You could program a computer to find this passport number, but there are shortcuts to figuring it out with a pen and paper. For example, a number is only divisible by 3 if its digits add up to a multiple of 3 (e.g.: 372 is divisible by 3 because 3+7+2 = 12). And a number is only divisible by 4 if its last two digits form a number that is also a multiple of 4 (hence 9324 is divisible by 4 because 24 also is).

What is my passport number?

## Sunday Times Teaser 3049 – Plantation

*by Andrew Skidmore*

#### Published Sunday February 28 2021 (link)

Jed farms a large, flat, square area of land. He has planted trees at the corners of the plot and all the way round the perimeter; they are an equal whole number of yards apart.

The number of trees is in fact equal to the total number of acres (1 acre is 4840 square yards). If I told you an even digit in the number of trees you should be able to work out how far apart the trees are.

How many yards are there between adjacent trees?

*by Stephen Hogg*

#### Published Sunday February 21 2021 (link)

Our holiday rep, Nero, explained that in Carregnos an eight-digit total of car registrations results from combinations of three Greek capital letters after four numerals (eg 1234 ΩΘΦ), because some letters of the 24-letter alphabet and some numerals (including zero) are not permitted.

For his own “cherished” registration the number tetrad is the rank order of the letter triad within a list of all permitted letter triads ordered alphabetically. Furthermore, all permitted numeral tetrads can form such “cherished” registrations, but fewer than half of the permitted letter triads can.

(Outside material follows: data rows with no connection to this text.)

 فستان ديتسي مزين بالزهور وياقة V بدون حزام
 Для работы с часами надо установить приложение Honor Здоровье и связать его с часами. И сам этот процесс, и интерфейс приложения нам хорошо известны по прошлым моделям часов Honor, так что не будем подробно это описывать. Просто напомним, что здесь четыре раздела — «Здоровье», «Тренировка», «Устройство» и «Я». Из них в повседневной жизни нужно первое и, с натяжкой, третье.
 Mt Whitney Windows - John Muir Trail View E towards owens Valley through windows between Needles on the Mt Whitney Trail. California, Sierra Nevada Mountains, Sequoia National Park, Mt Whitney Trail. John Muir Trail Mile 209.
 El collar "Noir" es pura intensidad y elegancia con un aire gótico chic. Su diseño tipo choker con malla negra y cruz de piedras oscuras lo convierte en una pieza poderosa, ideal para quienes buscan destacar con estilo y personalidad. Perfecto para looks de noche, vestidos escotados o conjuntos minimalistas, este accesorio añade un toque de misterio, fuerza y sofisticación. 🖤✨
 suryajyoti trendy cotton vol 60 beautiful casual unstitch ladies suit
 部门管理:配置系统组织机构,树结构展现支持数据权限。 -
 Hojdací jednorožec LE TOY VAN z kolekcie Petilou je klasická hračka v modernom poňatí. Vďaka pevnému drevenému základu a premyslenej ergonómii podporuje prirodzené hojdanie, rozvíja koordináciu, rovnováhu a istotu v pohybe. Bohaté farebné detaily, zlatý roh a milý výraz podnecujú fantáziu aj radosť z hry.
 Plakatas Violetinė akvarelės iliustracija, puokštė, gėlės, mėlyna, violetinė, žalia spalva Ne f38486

Nero asked me to guess the numbers of permitted letters and numerals. He told me that I was right and wrong respectively, but then I deduced the permitted numerals.

List these numerals in ascending order

*by Howard Williams*

#### Published Sunday February 14 2021 (link)

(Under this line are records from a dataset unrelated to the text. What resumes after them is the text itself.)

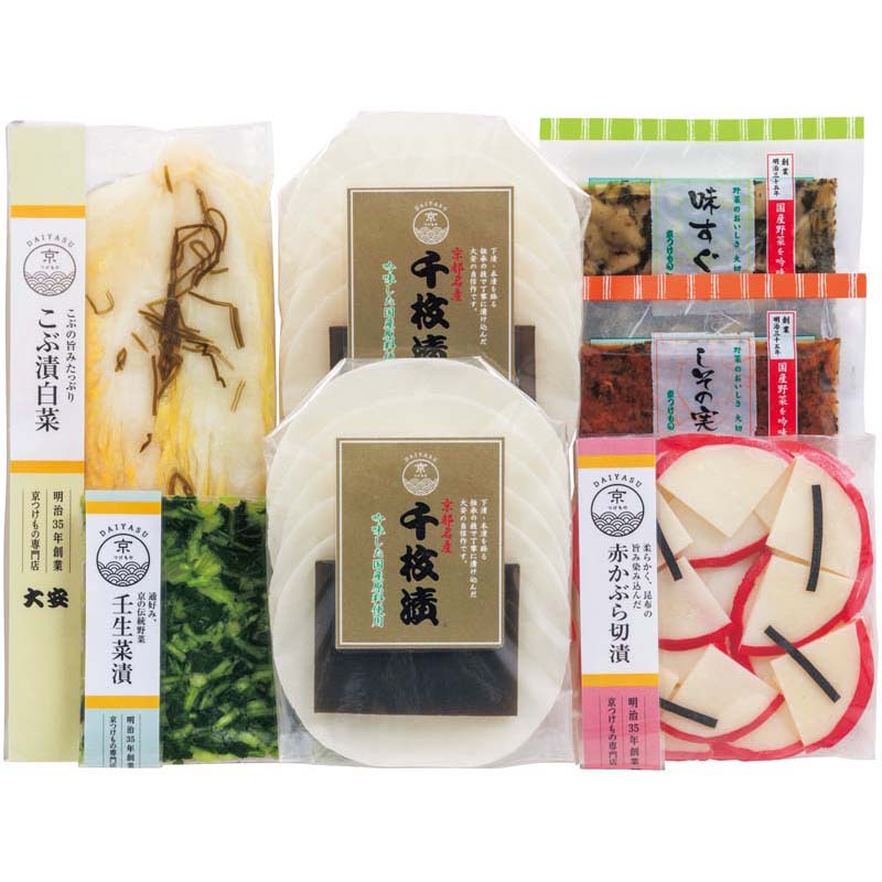 京都の代表的な漬物「大安」の千枚漬を中心に旬の野菜を取り揃えました。大安は、明治35年創業の京つけもの専門店です。漬け込む野菜は全国各地の契約農家や市場から吟味して仕入れた、国産野菜だけを使用し、素材本来の風味を生かしたこだわりの味づくりをしています。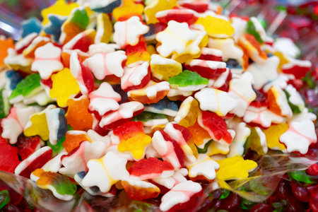 Closeup a background from colorful sweets of sugar candies. Assortment tasty gummy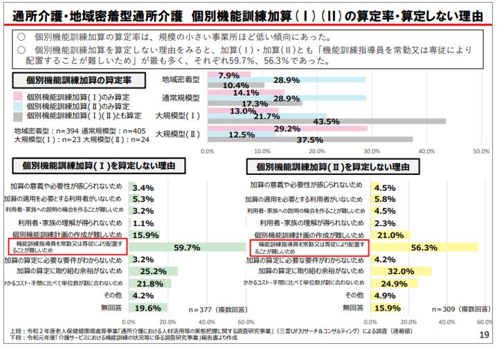 同加算の算定率は、規模の小さい事業所ほど低い傾向にある。例えば、地域密着型では「(I)のみ算定」が7.9%、大規模型(II)で同29.2%などとなっている=資料1=。算定しない理由では「機能訓練指導員を常勤又は専従により配置することが難しいため」が(I)で59.7%、(II)で56.3%と、それぞれ最も多かった。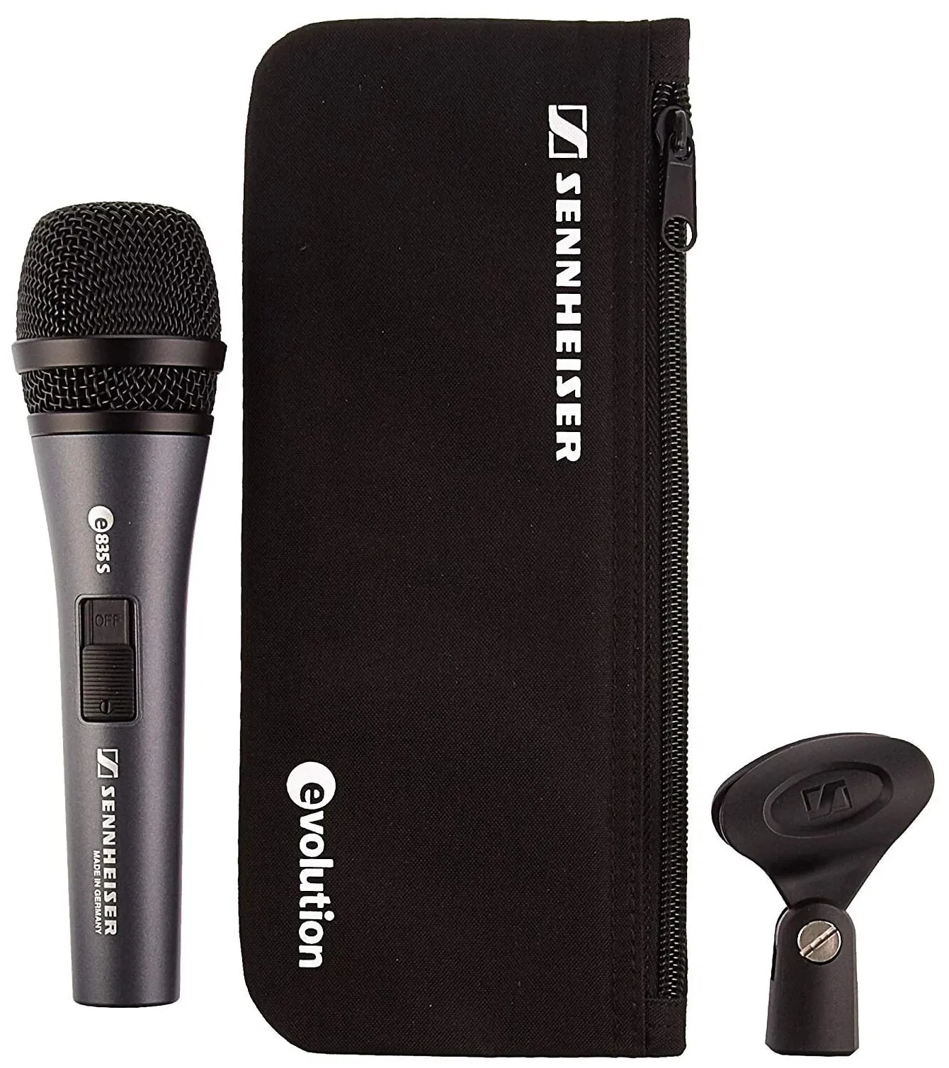 Динамический микрофон для сцены для вокала. Оптимизирован для высокого давления. Защищён от обратной связи и нежелательных звуков. Есть антишоковая подвеска, защита от помех и бесшумный выключатель (для e 835-S).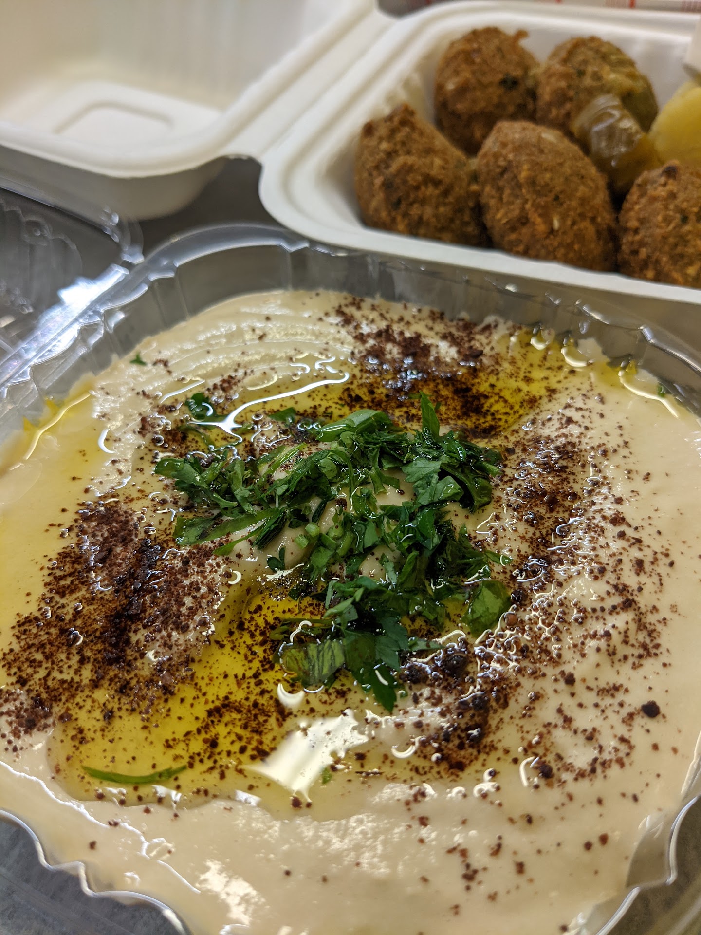 We ordered a few things.. yes get some falafel any version on them. I got the original, it comes with a great dipping sauce and pickles yes I said pickles.. long, thinly cut ones. They are fried and warm and almost have a meaty taste to them and it's chick peas kids and herbs and spices. These were yummy! Get an order to try if you have never had them.

I gave Robbie three different, single digit, positive whole numbers and asked him to add up all the different three-digit permutations he could make from them. As a check for him, I said that there should be three threes in his total. I then added two more digits to the number to make it five digits long, all being different, and asked Robbie’s mother to add up all the possible five-digit permutations of these digits. Again, as a check, I told her that the total should include five sixes.

Given the above, the product of the five numbers was as small as possible.

What, in ascending order, are the five numbers?